==== MATERIAL FOR THE TASK
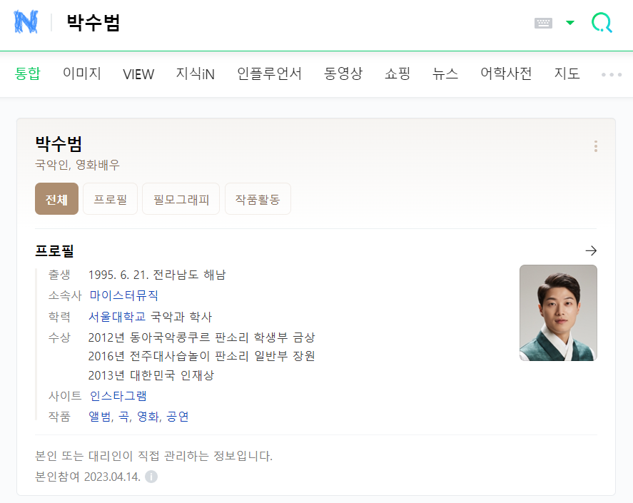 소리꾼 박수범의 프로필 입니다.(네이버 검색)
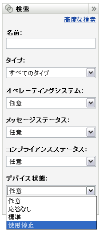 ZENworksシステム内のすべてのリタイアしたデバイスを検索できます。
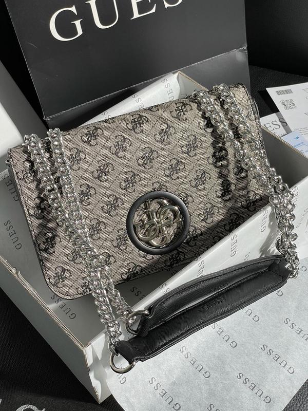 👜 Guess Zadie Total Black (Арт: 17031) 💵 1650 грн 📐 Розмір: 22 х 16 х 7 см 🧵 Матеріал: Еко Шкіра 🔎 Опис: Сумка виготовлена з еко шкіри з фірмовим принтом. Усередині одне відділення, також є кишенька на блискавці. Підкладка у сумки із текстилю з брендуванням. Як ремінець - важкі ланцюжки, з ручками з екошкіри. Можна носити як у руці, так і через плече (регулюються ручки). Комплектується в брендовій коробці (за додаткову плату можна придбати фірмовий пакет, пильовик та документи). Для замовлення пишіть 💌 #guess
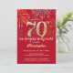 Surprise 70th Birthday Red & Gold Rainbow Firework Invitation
========
==== MATERIAL FOR THE TASK
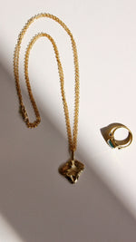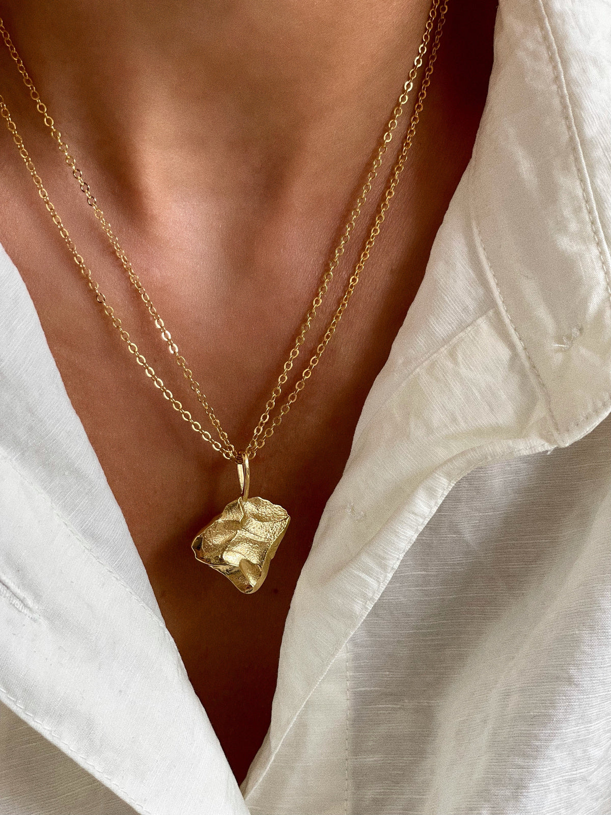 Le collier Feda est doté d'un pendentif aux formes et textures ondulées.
========
- **ABOUT THIS TASK**:
The stretch to restate runs from the line above containing "ZENworksシステム内のすべてのリタイアしたデバイスを検索できます。" through the line containing "Surprise 70th Birthday". Copy it word for word, ends included, without pictures.

- **EXERCISE RESULT**:
 ZENworksシステム内のすべてのリタイアしたデバイスを検索できます。
 👜 Guess Zadie Total Black (Арт: 17031) 💵 1650 грн 📐 Розмір: 22 х 16 х 7 см 🧵 Матеріал: Еко Шкіра 🔎 Опис: Сумка виготовлена з еко шкіри з фірмовим принтом. Усередині одне відділення, також є кишенька на блискавці. Підкладка у сумки із текстилю з брендуванням. Як ремінець - важкі ланцюжки, з ручками з екошкіри. Можна носити як у руці, так і через плече (регулюються ручки). Комплектується в брендовій коробці (за додаткову плату можна придбати фірмовий пакет, пильовик та документи). Для замовлення пишіть 💌 #guess
 Surprise 70th Birthday Red & Gold Rainbow Firework Invitation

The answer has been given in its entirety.